In some ways it was more emotionally daunting to walk through those courthouse doors. I had a nice bit of catharsis upon my marriage ending and I’m moving on in healthy directions now. I still feel like I have unfinished business with the law, however. Maybe because I left it instead of the other way around. Whatever the case, I found the few brief minutes I spent there Monday morning mildly unsettling.
As the clerk took the documents and stamped each one, I was waiting for her to give them back and to tell me that they weren’t in proper order. To tell me that the local rule I had followed in preparing them had been amended recently and that I needed three more copies, two more signatures and a different kind of fastener because staples were no longer sufficient. It dawned on me as I was waiting that the two biggest anxieties of my life – my difficult legal career, complete with all of the little rules that always seemed to vex me, and the deterioration and ultimate failure of my marriage – had joined forces.
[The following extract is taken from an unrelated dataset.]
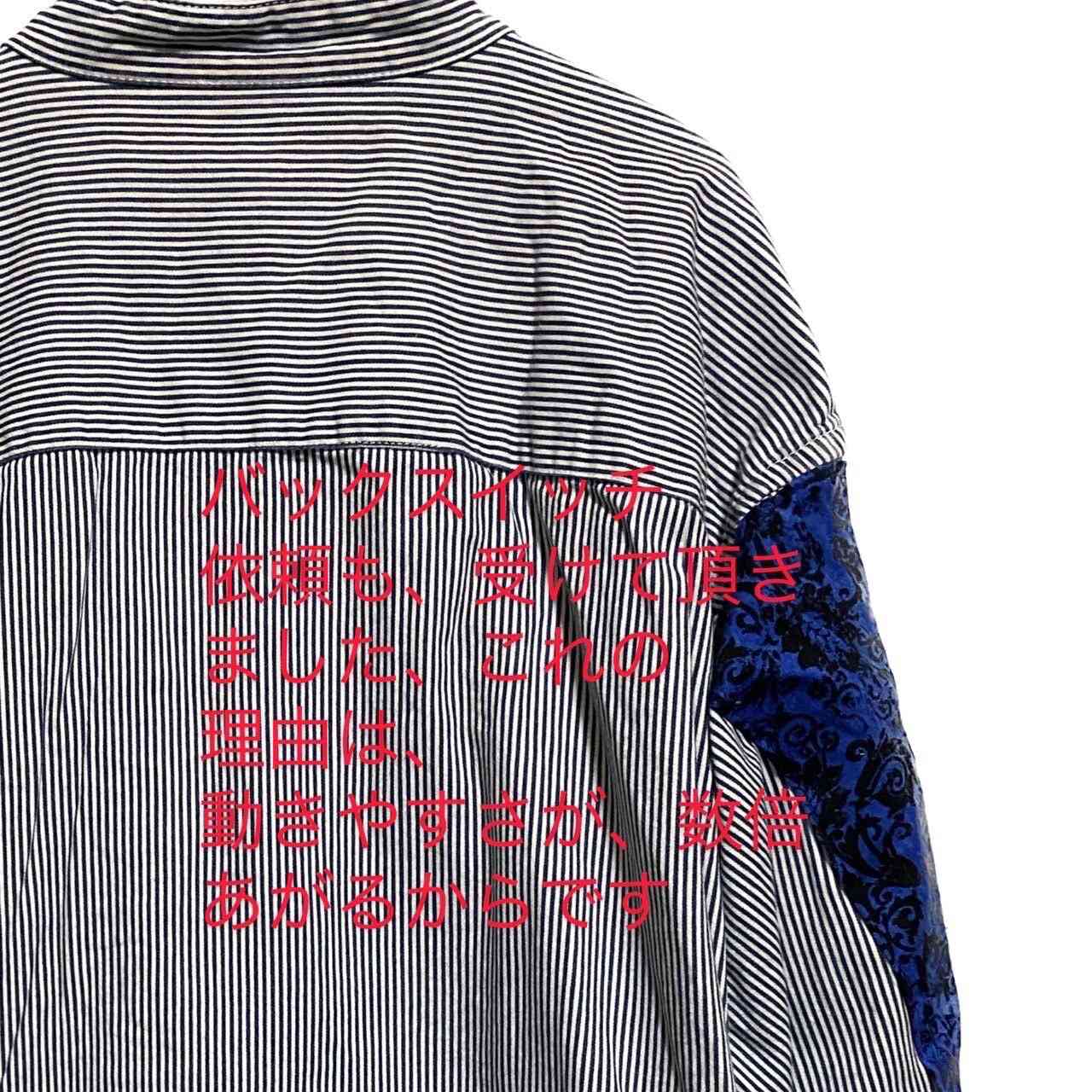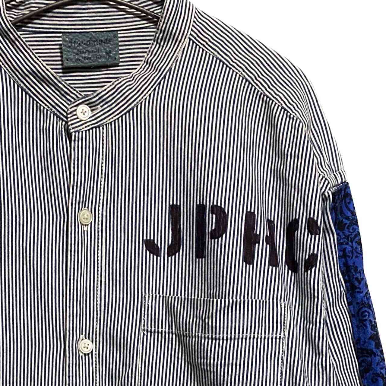 90年 ヴィンテージのヒッコリー シャツ デザイナーズのやつを フルリメイク いたしました。 袖にデザインがあるとかっこいいなと思って 70年代のヨーロピアン マテリアルを縫い付け さらに胸に jphc ロゴを入れて フォントはアメリカのミリタリーフォントをイメージしてありました 世界で1つだけのヒッコリー シャツと激レアなオーバーサイズを利用して作成しましたので様々なコーディネートに対応いたします コーディネート 参考になればいいのですが 最近気に入っている ダボっとしたデザインパンツを合わせて ゆるダボ 大人ナチュラルスタイルにしております もちろん デニムパンツ チノパン 何とでも相性はいいのでお買い求め後すぐにあなたのコーディネートがアップデートされることは間違いないので是非この機会に当店の自慢のリメイク 体感ください ▷color◁ ヒッコリー ※ブラウザで異なる場合ありますがかなり実物には、近づけてます、 ▷size◁ 平置き片面採寸【㎝表記】 表記size F 着丈/84 身幅/68 肩幅/62DS 袖丈 /65↓ DSは袖はハンガー採寸 ※多少の誤差は理解下さい 170/Mジャスト体型の私が着て、✔️参考に ジャスト オーバーサイズ ビックサイズ✔️ 【素材】 最高級斜織コットン 【状態】 丁寧に仕上げたので最高です。 検品、洗濯、検品で、3回チェックして発送しますので、ご安心して、お買い求め下さい!!
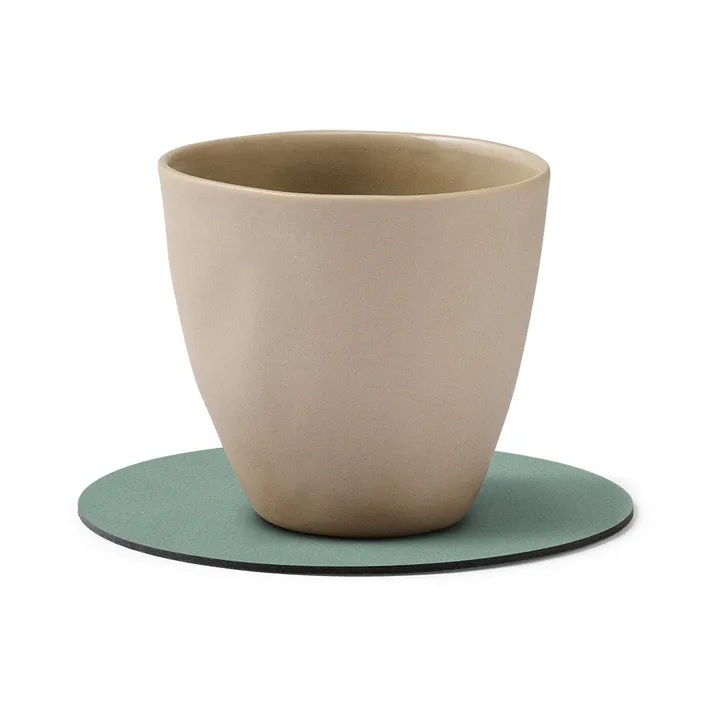 A base para copos reversível circular Cloud-Nupo 1 un. é um suporte de dupla face da LIND DNA, fabricado em couro reciclado e borracha. A base redonda para copos possui dois lados de cores diferentes, um verde e um cinza escuro, que você pode alternar. A base tem uma textura macia e fosca e, graças ao seu material, é tanto fácil de limpar quanto incrivelmente durável!

I stood there terrified that I’d have to redo the documents and prolong this unpleasant process.
But it all checked out OK. The clerk handed me back my copies and gave me a slight smile and nod, which is probably as close to a “have a nice day” a person who processes divorce and child custody documents all day can muster. I took the elevator back down to the lobby and walked out onto the sidewalk. It was cold, but clear and the air felt clean. I took a deep breath and exhaled, feeling lighter than I had in a long while.
The final hearing is set for March 20. After that, there will be no reason to look backward instead of forward anymore. And what has so far been a pleasant new morning can grow in to a bright new day, unimpeded by old business.